- [REQUIREMENT]:
Only the lines from the one holding "只要按下工具列右上角手掌圖案" to the end of the data should be echoed, exactly as they appear, minus the pictures.

─── PROVIDED RECORDS

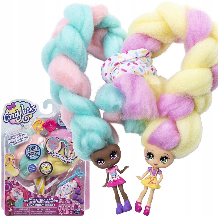 Zestaw Candylock 2 x lalka niespodzianka pochodzi z najnowszej serii lalek o długich i pachnących włosach od marki Spin Master. Lalki są ukryte wewnątrz włosów przypominających watę cukrową.
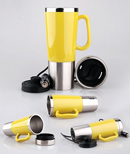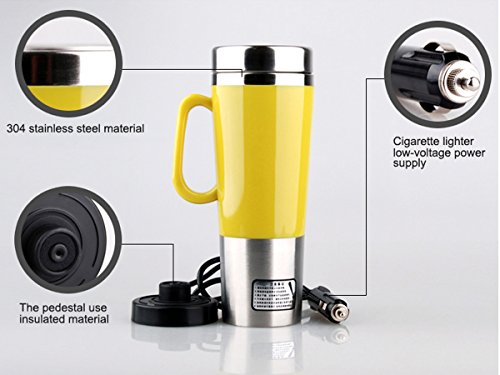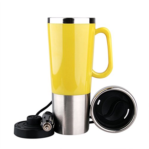 400ml Vacuum Insulated Stainless Steel Travel Mug Car Cup with charger car Boiling Mug Electric Kettle Boiling Vehicle Thermos with Cigarette Lighter DC12V Heating Cup (yellow)
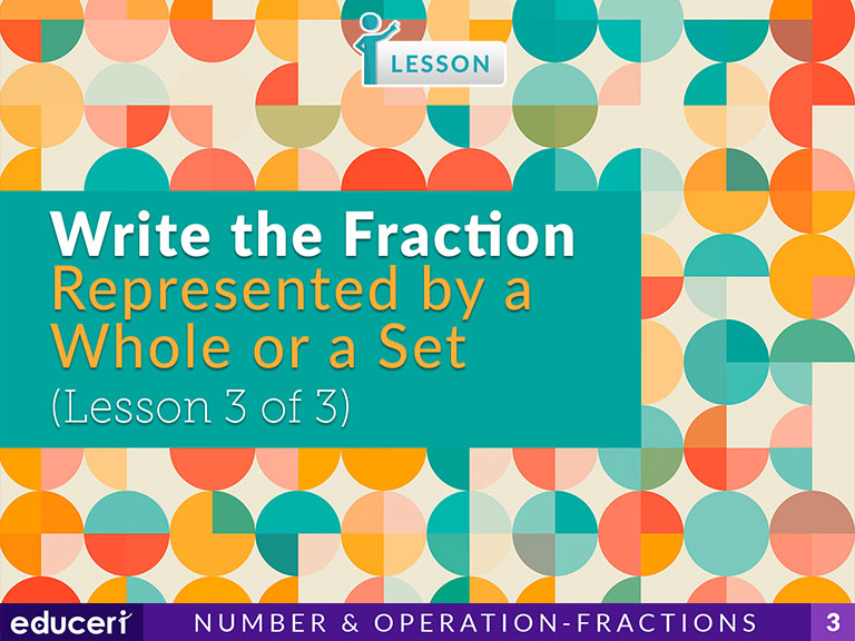 Write a fraction represented by a whole or a set
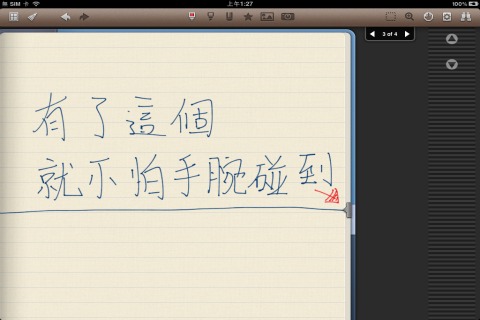 只要按下工具列右上角手掌圖案後筆記本旁會出現有點像小鐵塊般的保護裝置,箭頭指向的地方其內頁下半部都會有防寫功能,書寫時就不用擔心手腕會去碰到了
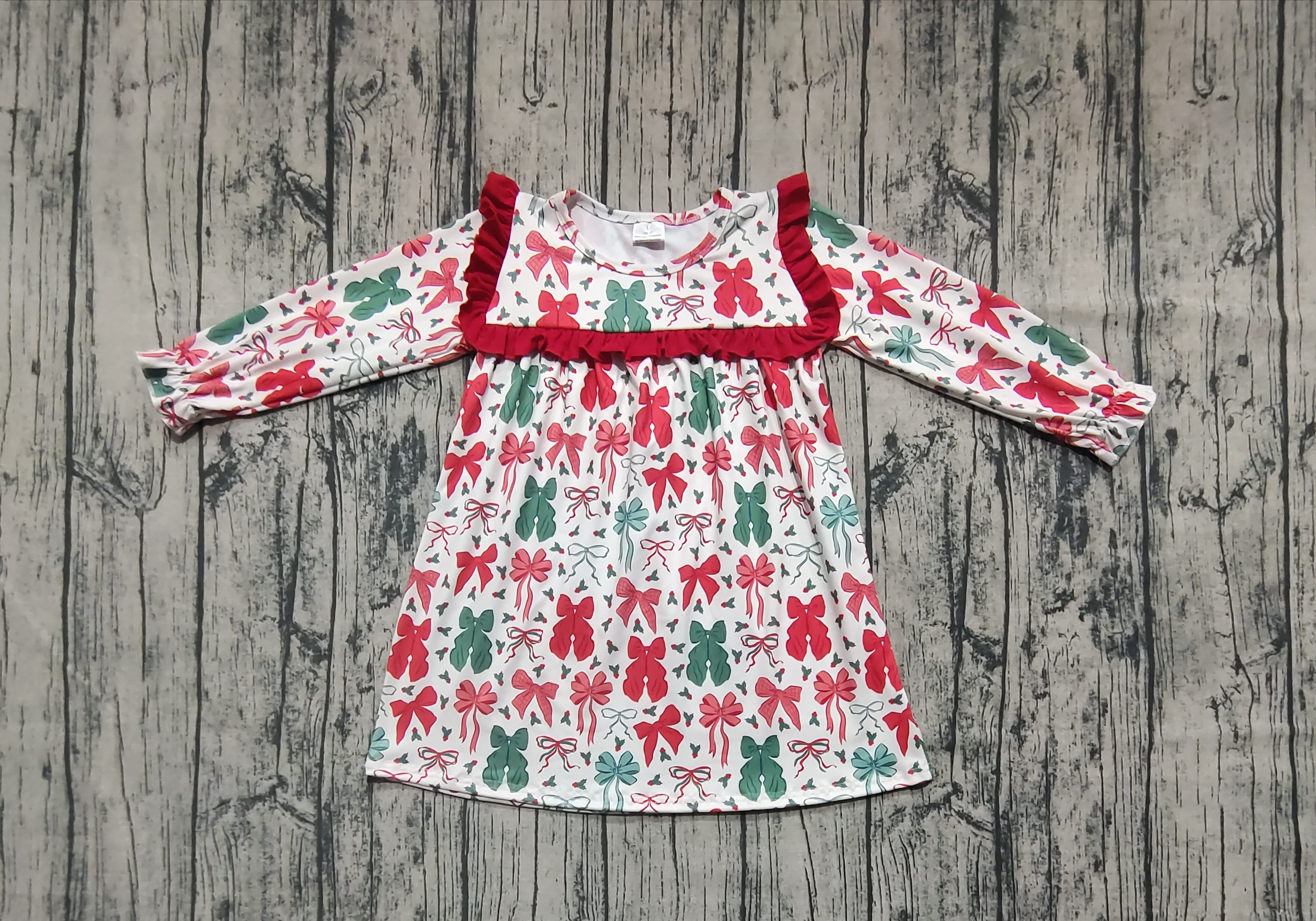 GLD1046 pre-order toddler clothes bows baby girl winter christmas dress-real pic 2025.6.8
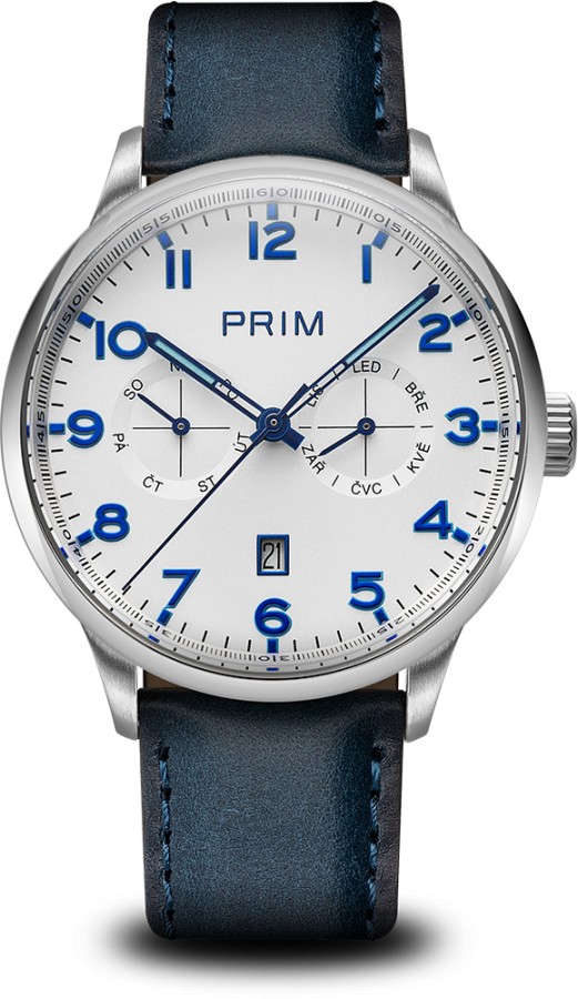 PRIM MANAGER 2025 – sportovně elegantní model v různých barevných provedeních. Spolehlivý automat s kalibrem Miyota 9122, safírovým sklem a podsvícenými indexy, který zaujme na každé pánské ruce.

──────

- [ANSWER AREA]:
 只要按下工具列右上角手掌圖案後筆記本旁會出現有點像小鐵塊般的保護裝置,箭頭指向的地方其內頁下半部都會有防寫功能,書寫時就不用擔心手腕會去碰到了
 GLD1046 pre-order toddler clothes bows baby girl winter christmas dress-real pic 2025.6.8
 PRIM MANAGER 2025 – sportovně elegantní model v různých barevných provedeních. Spolehlivý automat s kalibrem Miyota 9122, safírovým sklem a podsvícenými indexy, který zaujme na každé pánské ruce.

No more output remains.